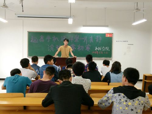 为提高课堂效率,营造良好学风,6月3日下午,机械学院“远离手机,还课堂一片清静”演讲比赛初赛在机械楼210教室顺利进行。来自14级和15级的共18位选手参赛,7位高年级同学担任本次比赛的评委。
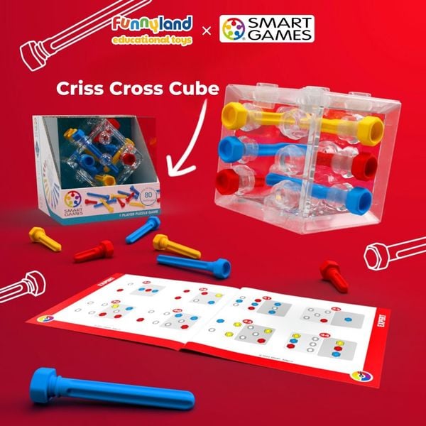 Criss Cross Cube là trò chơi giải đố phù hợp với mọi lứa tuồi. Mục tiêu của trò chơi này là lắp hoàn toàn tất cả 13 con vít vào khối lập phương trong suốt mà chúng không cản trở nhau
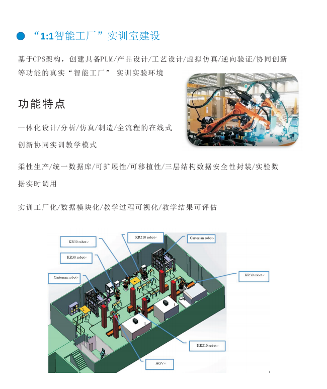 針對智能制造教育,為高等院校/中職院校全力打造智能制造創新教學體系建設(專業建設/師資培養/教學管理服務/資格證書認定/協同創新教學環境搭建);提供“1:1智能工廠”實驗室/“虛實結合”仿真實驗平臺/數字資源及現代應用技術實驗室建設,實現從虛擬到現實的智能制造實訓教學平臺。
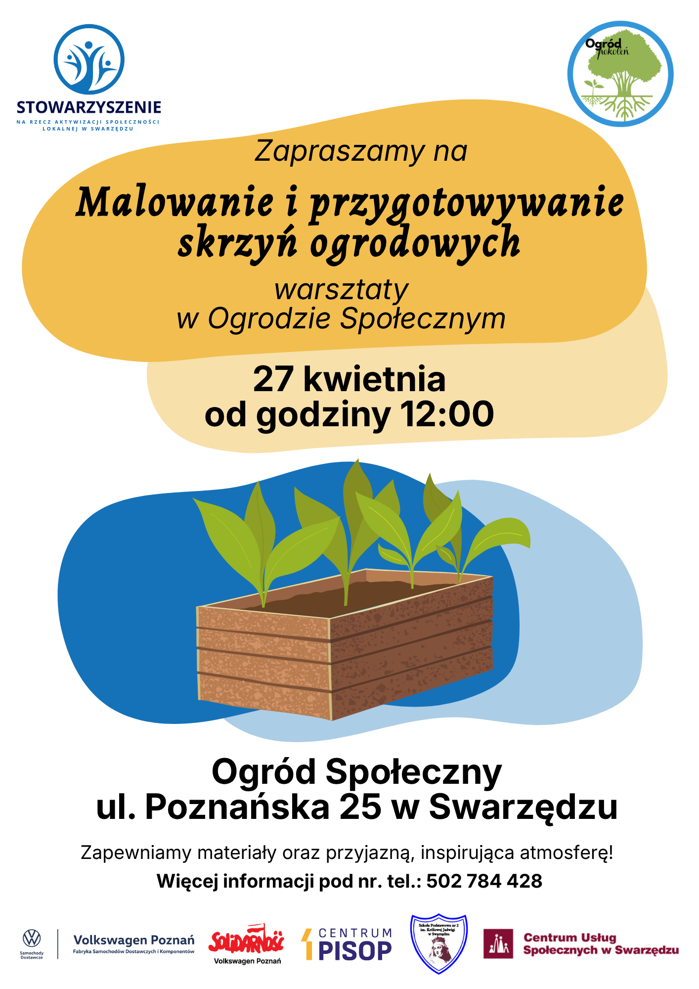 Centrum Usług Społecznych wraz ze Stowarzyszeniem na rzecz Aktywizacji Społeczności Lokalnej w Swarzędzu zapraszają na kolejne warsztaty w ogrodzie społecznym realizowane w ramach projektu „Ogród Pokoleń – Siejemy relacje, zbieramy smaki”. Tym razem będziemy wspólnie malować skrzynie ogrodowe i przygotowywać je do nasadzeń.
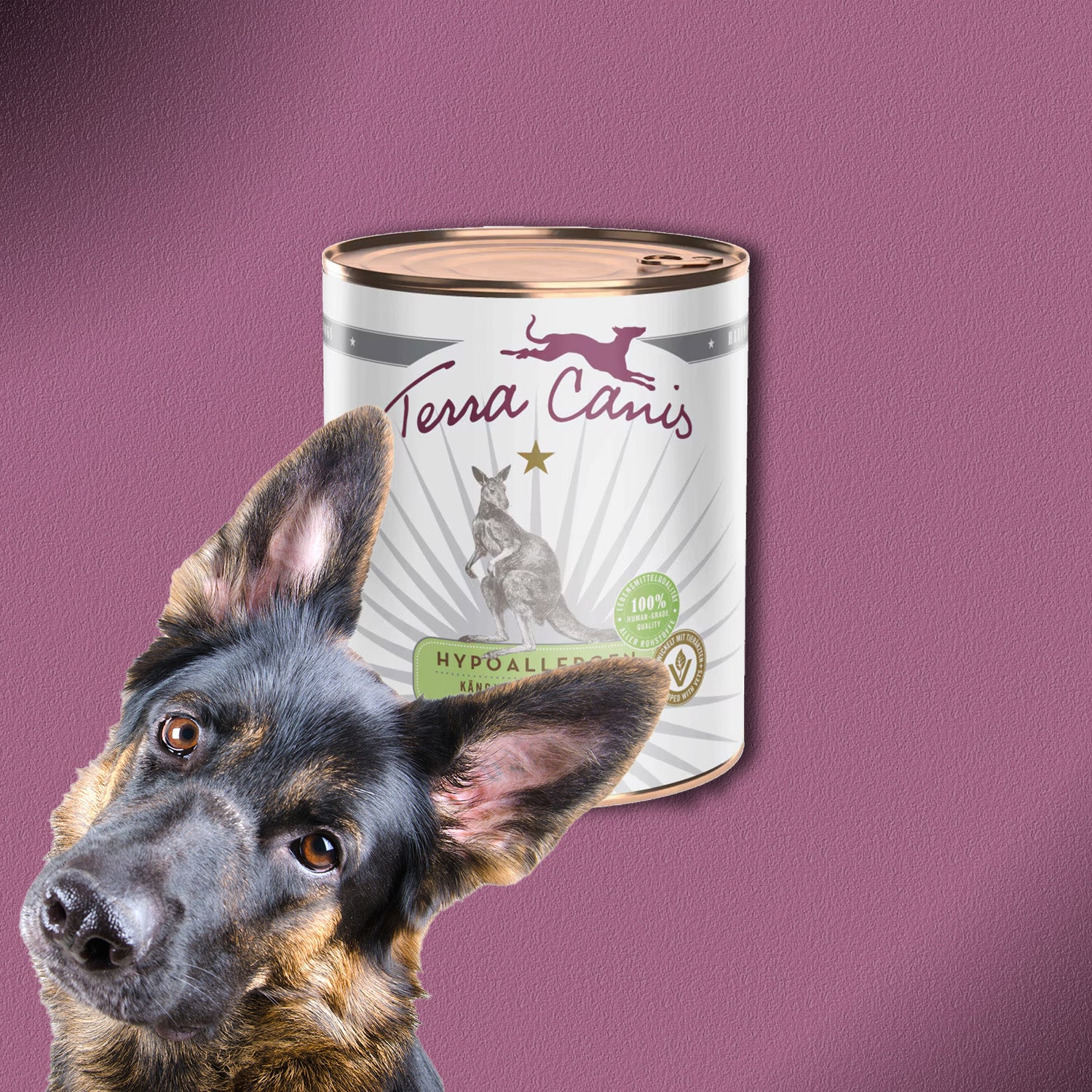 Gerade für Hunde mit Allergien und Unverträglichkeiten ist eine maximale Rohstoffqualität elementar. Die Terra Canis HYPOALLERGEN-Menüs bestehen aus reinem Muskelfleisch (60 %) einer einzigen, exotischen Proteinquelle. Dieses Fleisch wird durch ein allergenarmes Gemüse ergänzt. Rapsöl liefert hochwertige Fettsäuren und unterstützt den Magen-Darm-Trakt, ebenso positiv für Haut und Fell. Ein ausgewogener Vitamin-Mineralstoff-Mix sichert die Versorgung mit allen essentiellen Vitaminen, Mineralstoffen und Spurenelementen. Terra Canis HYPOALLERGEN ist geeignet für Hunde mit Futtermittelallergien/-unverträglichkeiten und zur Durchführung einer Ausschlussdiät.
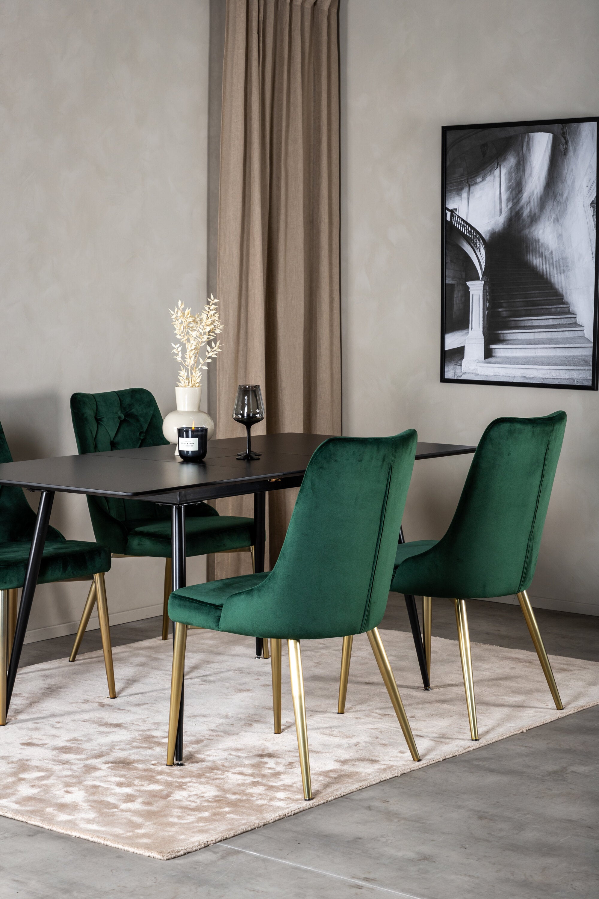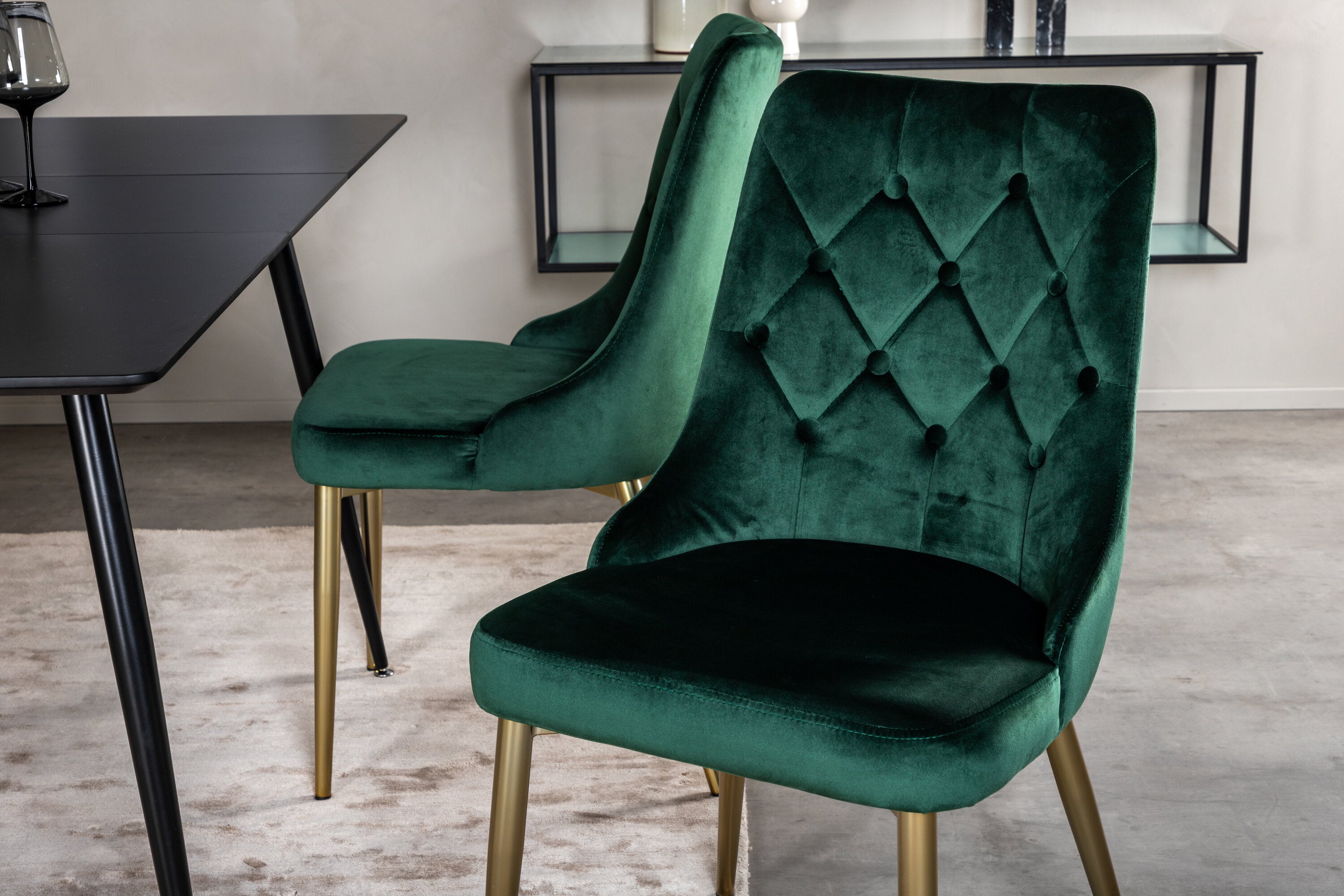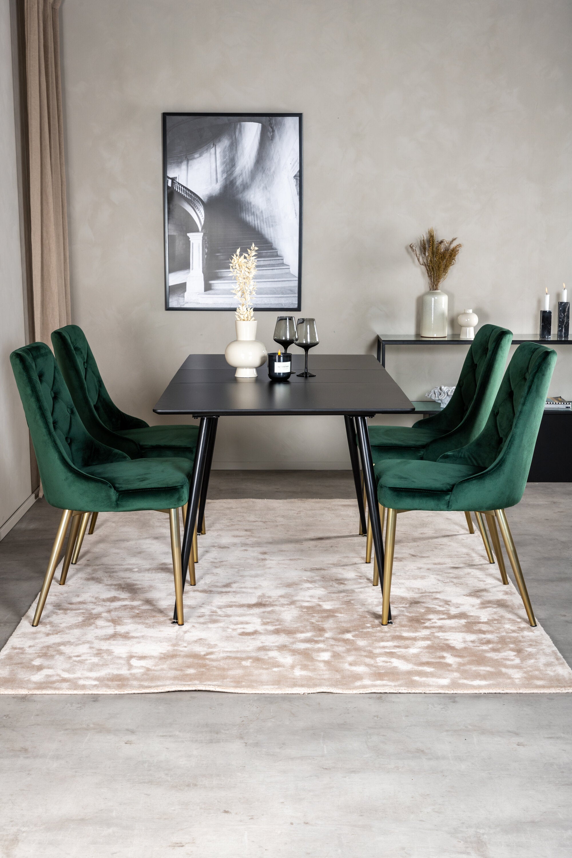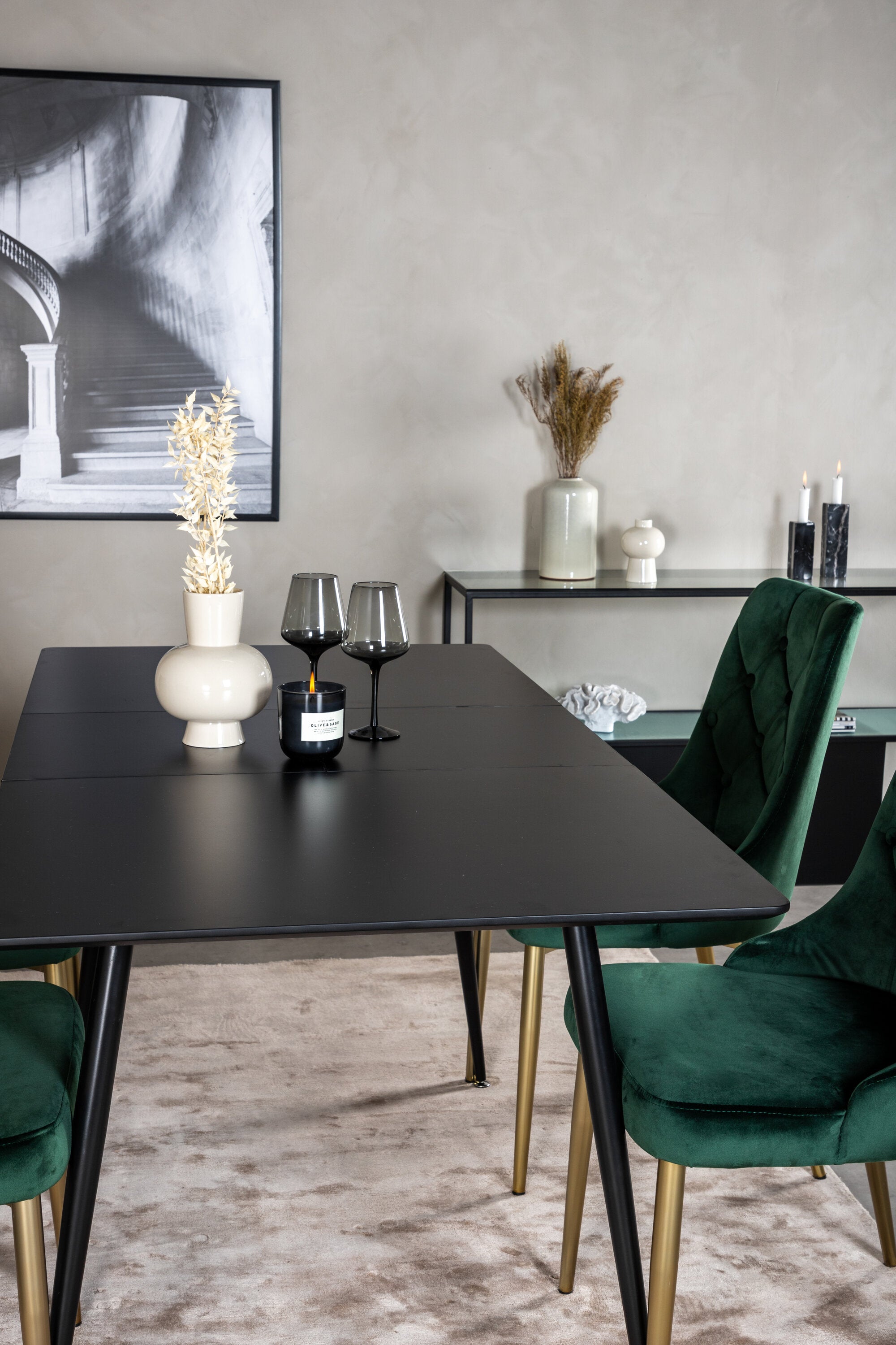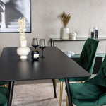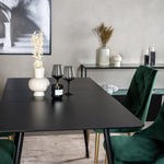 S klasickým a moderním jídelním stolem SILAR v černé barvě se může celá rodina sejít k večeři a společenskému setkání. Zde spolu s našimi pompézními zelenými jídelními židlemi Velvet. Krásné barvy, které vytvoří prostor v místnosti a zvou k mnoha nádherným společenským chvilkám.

□ □ □

### WHAT YOU HAVE TO DO
Nothing but the lines from the one containing "Gerade für Hunde" through the last line of the listing should be copied, each word for word and without pictures.

### TASK RESPONSE
 Gerade für Hunde mit Allergien und Unverträglichkeiten ist eine maximale Rohstoffqualität elementar. Die Terra Canis HYPOALLERGEN-Menüs bestehen aus reinem Muskelfleisch (60 %) einer einzigen, exotischen Proteinquelle. Dieses Fleisch wird durch ein allergenarmes Gemüse ergänzt. Rapsöl liefert hochwertige Fettsäuren und unterstützt den Magen-Darm-Trakt, ebenso positiv für Haut und Fell. Ein ausgewogener Vitamin-Mineralstoff-Mix sichert die Versorgung mit allen essentiellen Vitaminen, Mineralstoffen und Spurenelementen. Terra Canis HYPOALLERGEN ist geeignet für Hunde mit Futtermittelallergien/-unverträglichkeiten und zur Durchführung einer Ausschlussdiät.
 S klasickým a moderním jídelním stolem SILAR v černé barvě se může celá rodina sejít k večeři a společenskému setkání. Zde spolu s našimi pompézními zelenými jídelními židlemi Velvet. Krásné barvy, které vytvoří prostor v místnosti a zvou k mnoha nádherným společenským chvilkám.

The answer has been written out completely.